First female to be leading rider at the Cheltenham Festival.
If there was one pebble in Rachael Blackmore’s shoe when she walked out of Cheltenham in March 2021 with six winners in her swag bag, it was that she had finished second in the Gold Cup on A Plus Tard, not first. Twelve months later, she resolved that she would put that right. The tactics that she had employed in 2021 hadn't worked, she figured, so she would have to do something different. The change was subtle, but it was also monstrous, and she and A Plus Tard bounded up Cheltenham's hill at the end of the 2022 Gold Cup, 15 lengths clear of their closest pursuers when they got to the winning line.
She was brilliant at Cheltenham again this year. She delivered Air Of Entitlement with a perfectly-timed run to get up and win the Mares’ Novices’ Hurdle by a half a length, and she smuggled Bob Olinger around so that he powered up the hill at the end of three miles to win the Stayers’ Hurdle. That was her 18th win at the Cheltenham Festival, the joint eighth winning-most jockey there ever, level with Richard Dunwoody.
With that win on Bob Olinger, Rachael Blackmore joined an elite group of jockeys who have won the big five – Gold Cup, Champion Hurdle, Champion Chase, Stayers’ Hurdle, Grand National – and, of course, no other female jockey has done that.
This remarkable career was founded on graft and resilience and talent and a steely determination. Self-made. And toughness, mental and physical. At Cheltenham in 2021, she had a hard fall off Embittered in the Grand Annual, the second last race on the Wednesday, and she got up and won the last on Sir Gerhard. At Cheltenham in 2022, she was brought down when travelling well on Telmesomethinggirl in the Mares’ Hurdle. She literally bounced off the ground. A half an hour later, she was on her way down to the start for the Fred Winter Hurdle.
And it wasn’t meteoric. It was a slow burn. Four years flowed under the bridge between Rachael Blackmore’s first winner as an amateur and her first winner as a professional, the first professional female National Hunt jockey in Ireland in 25 years. She rode two winners in 2013/14 and two more in 2014/15, and she rode six winners in 2015/16. She combined her riding with her pursuit of a degree in equine science at University of Limerick, and that wasn’t easy.
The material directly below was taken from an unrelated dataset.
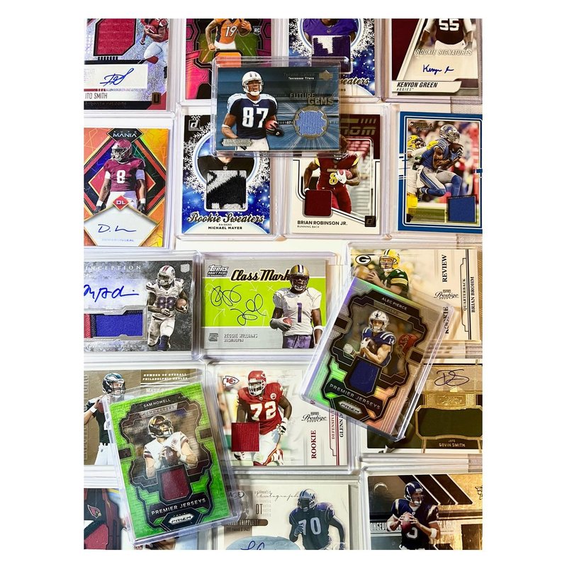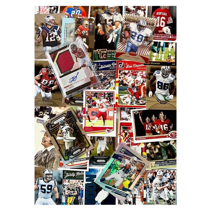 100 Football Card Mystery Box With 1 HIT Autograph or Jersey or Relic RC HOF >Every pack will contain 1 Autograph, Jersey, or Relic cards per box. These cards will come in a protective sleeve and top loader to ensure they arrive in high grade. The rest of the 100 cards will come from Premium, Base, Parallel, Subsets, Inserts, & #-ed cards and will contain Hall of Fame players, Stars, Rookie, &and/or Pre-Rookies in every lot >No Duplicates! (Also no checklists- unless they have pictures/players on the front- because checklist cards feel like a rip off in mystery boxes) {Also, also- each lot is capped at no more than 25 cards from any one particular set (normally no more than 10-20), because there is nothing worse than a mystery box with 50 cards from one type} >Cards will be from all makers and eras mostly from the 1980s to now, from the newest collections we have purchased. No cards are pulled from collections- all make it into the boxes >Cards will be from all Major Leagues, Minor Leagues, Colleges. and all other Leagues. >Cards will all be in Excellent to NM. (most will be EX/NM- or better - pack fresh condition) >Cards will ship bubble wrapped for protection in a plain 250 card box, because collectors always need more card space. >Card Box will be in waterproof poly mailer to protect our cardboard goodies from the weather. >>> Stock photos are representative of the cards you might receive in your lot

Slowly, people started to recognise her talent. From Davy Russell to Shark Hanlon, from Eddie O’Leary to Henry de Bromhead. Of course, you can’t do it without the horses, you can’t get there without support from owners and trainers, but you don’t get the horses, you don’t get the support, you don’t get the opportunities, unless you have the talent.
Champion conditional in 2016/17, second in the jockeys’ championship in 2018/19 and again in 2020/21, when she rode 100 winners.
Hers is a rare blend of fantastic accomplishment and true humility. They would gather outside the weigh room at Kilbeggan to see her, children and adults, and she would stand for selfies and smile and answer questions. They would wait for her outside the parade ring at Tipperary, at the start of the jockeys’ walk back to the weigh room and, again, Rachael would stand, saddle in arms, and smile.
Her reach goes way beyond racing’s confines too. In 2021, she was voted RTE’s Sports Person of the Year, joining a roll of honour that includes Rory McIlroy and Katie Taylor and Sonia O’Sullivan and Roy Keane. She was voted BBC’s World Sports Star the same year, joining recent recipients of the award Roger Federer and Usain Bolt and Cristiano Ronaldo and Tiger Woods. Go back further, Seve Ballesteros and Martina Navratilova and Muhammad Ali and Gary Player and Arthur Ashe and Pelé and Nadia Comâneci and Eusébio.
You say Rachael, and everybody knows who you are talking about. She is a sporting icon.
Henry de Bromhead was correct during the week when he described Rachael Blackmore in three words: She is class.